W2K8 cloning for homologous servers


Setting up a Windows Server 2008 installation from DVD, having get it all updates, installing the extra basic software (Java, Frame4J, utilities) needed and furbishing the system settings can be a task of many hours. If the target is a zoo of alike servers (a handful of Fujitsu Siemens Primergy RX300 S3 in our case) the desire to clone the good work gets overwhelming.


In the case of homologous targets no extra tools are needed. The cloning can be completely accomplished by the Windows tools backup, repair and sysprep.

Making the clone system — the source

Make the first W2K8 installation to one of the servers as good and complete as possible, i.e. having all updates and all supplementary (utility) software installed, all drives arranged and so on. Make optimal system settings and environment variables but do not bother with desktop arrangements yet.

You may (and should) give the system its name, activate Windows, make it a domain member and test it thoroughly. But you should give it no further roles and functions like DC or DNS etc. yet.

Before any further individualising, make a backup of your good Windows 2008 installation as is — best to an external fast USB drive. This backup has to be complete, including all drives.

Now make this machine domain controller or what ever its roles shall be.

Procedure to clone to a target

If the target computers have hardware RAID (as our RX300 S3) use its BIOS to make the same drive array configuration and boot order as in the clone (source) system.

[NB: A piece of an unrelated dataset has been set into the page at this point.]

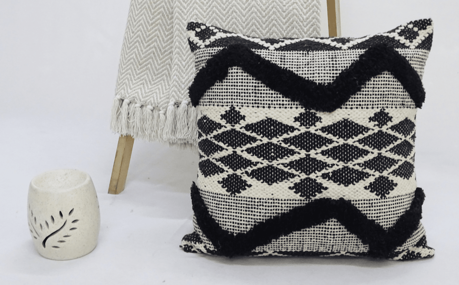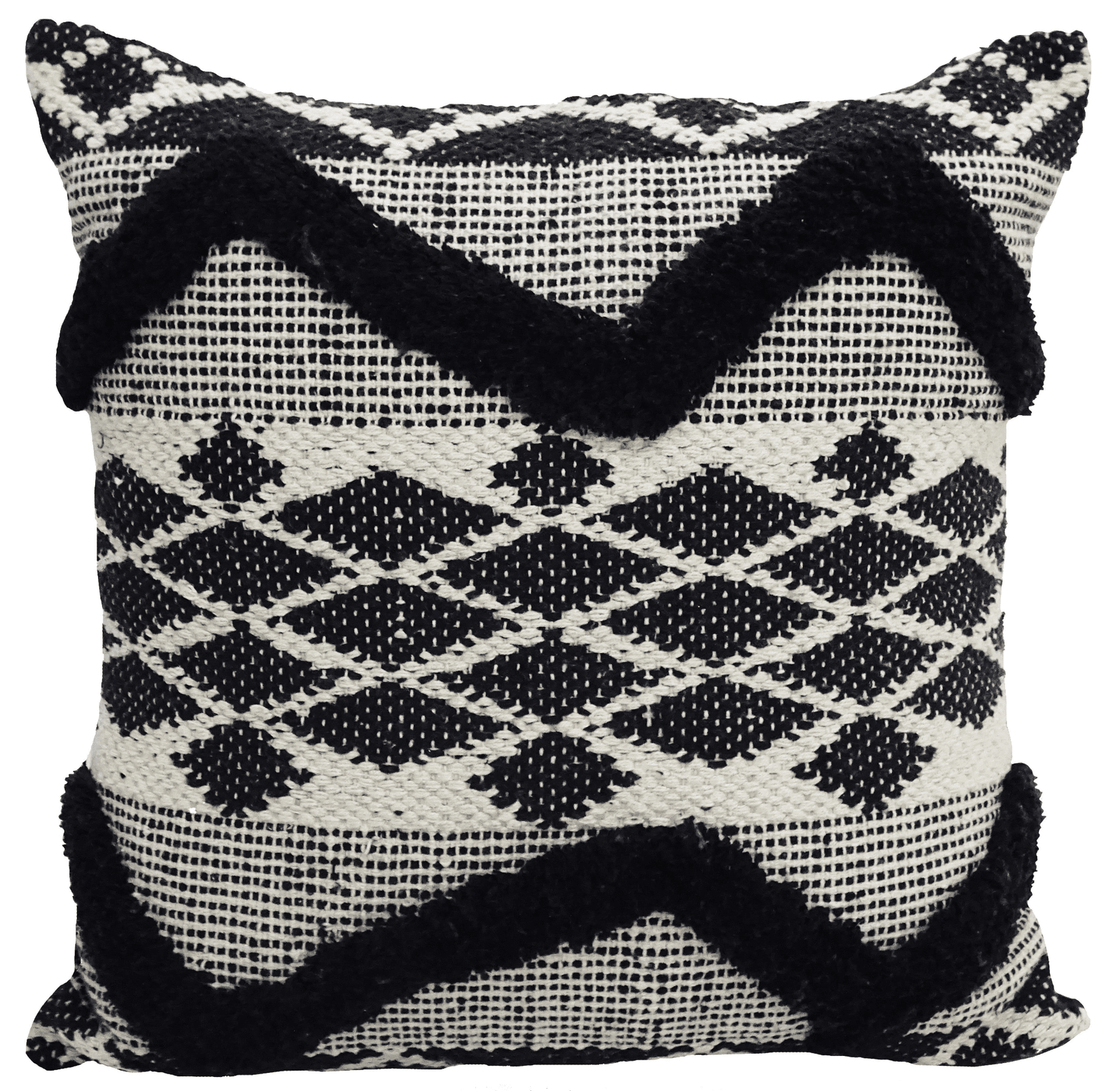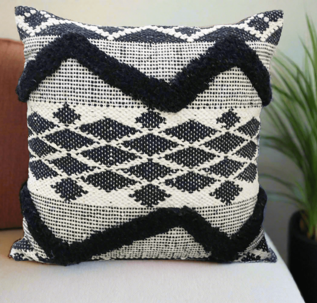 Transform your home with our Black Tufted Chevron Boho Full Throw Pillow. This stunning accent piece creates a welcoming atmosphere that works beautifully year-round. Featuring exquisite handwoven geometric patterns with distinctive tufted chevron details, this 20x20 pillow blends seamlessly with modern and classic interiors alike. Crafted from premium 95% cotton and 5% polyester, each pillow arrives complete with a high-quality insert. The artisanal cover, made in India and finished in the USA, adds that perfect designer touch to elevate your entire living space.

Boot the W2K8 installation DVD and choose „repair“. With the USB drive plugged in the installer will offer your clone system (made above) as source. Choose it as complete repair.

Let the clone boot. Do this with no network connection, lest name or other conflicts arise. As local admin run
C:\windows\system32\sysprep\sysprep.exe  /oobe /generalize /reboot

At reboot do the appropriate answering (and long waiting ending in a further reboot).
Now you log in to a system with a random new computer name and SID as well as reset Windows activation.

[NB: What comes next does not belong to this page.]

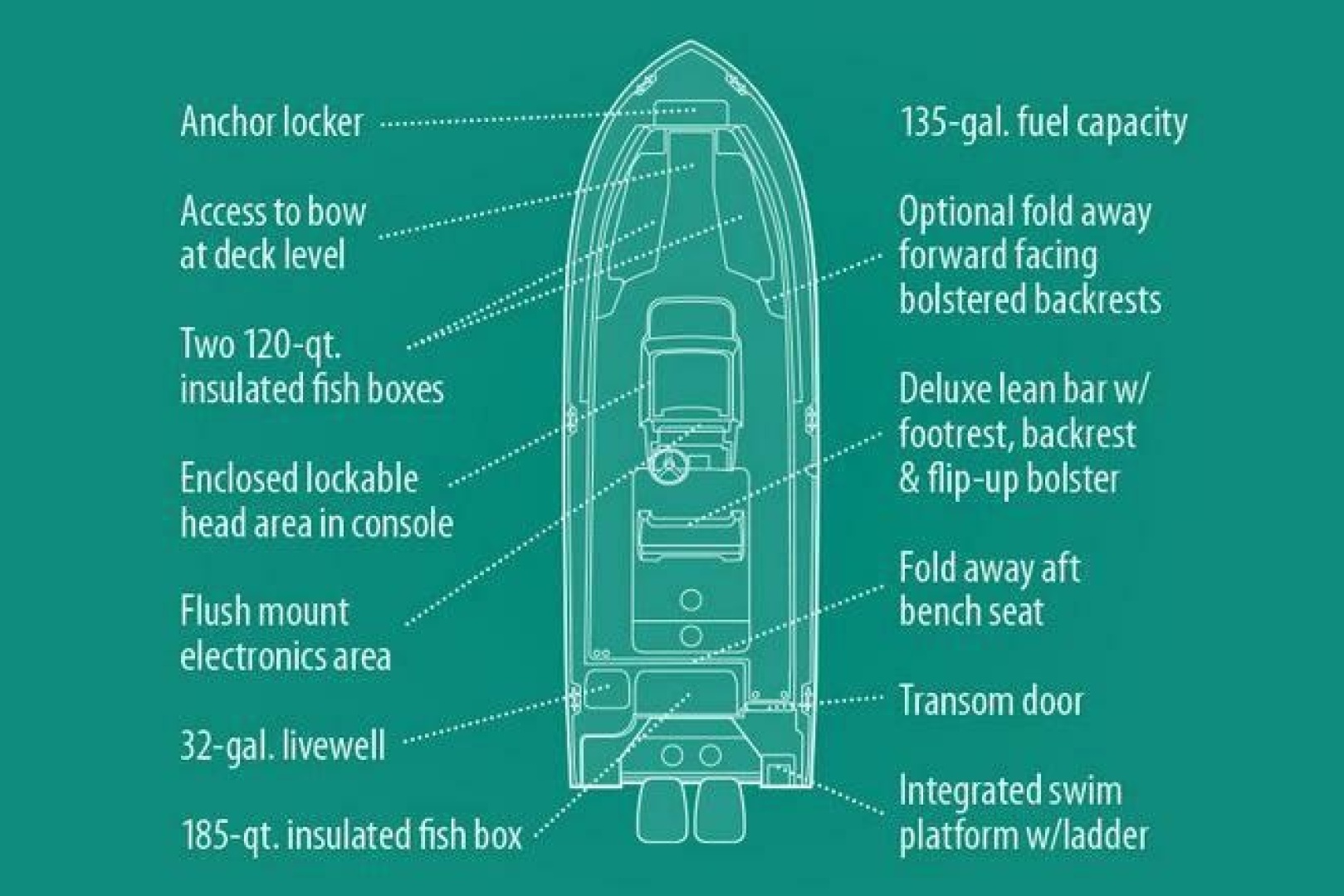 - Expansive fishing setup – livewell, rod holders, fish boxes

Do check the drives / drive letters. They are usually spoiled by sysprep. Repair them. This may include setting the non-C:  partitions / RAID arrays online.

Change the computer name and network settings according to the target. Re-start with network interfaces plugged in. If behind a company firewall or proxy, check / make the settings to be able to reach outside internet, otherwise re-activation will usually fail. These settings can be done in the IE.

Activate the Windows installation using the appropriate licence key.
After seeing at least one (test) re-boot without any generalisation or else post-treatment, individualise this cloned installation further and put it to its purpose.

Retrenchments, warnings, remarks

The procedure described was tested / used multiple times but only in just one configuration:
Windows 2008 R2 professional, very homogenous zoo of RX300 S3, bulk like licence.
It may fail in other circumstances. Feedback welcome.

The cloning procedure is a sequence of several steps with waiting times of 5..18 minutes (in the case of our RX300 S3). It was possible to get through in bit more than one hour. That toil is orders of magnitudes quicker than installing and updating all from scratch, and it is less complicated than preparing specialised unattended installations for a handful of machines. The cloning can, of course, be pipelined or parallelised, especially when having copied installation DVDs and USB drives.

The best improvement would be Microsoft giving us (back) a tool that just makes a new SID and name and resets the activation in case of no bulk like license. Sysprep (en lieu of good old newSID), in our case, inescapably destroys overmuch cloned information at the cost of own run time and our work afterwards.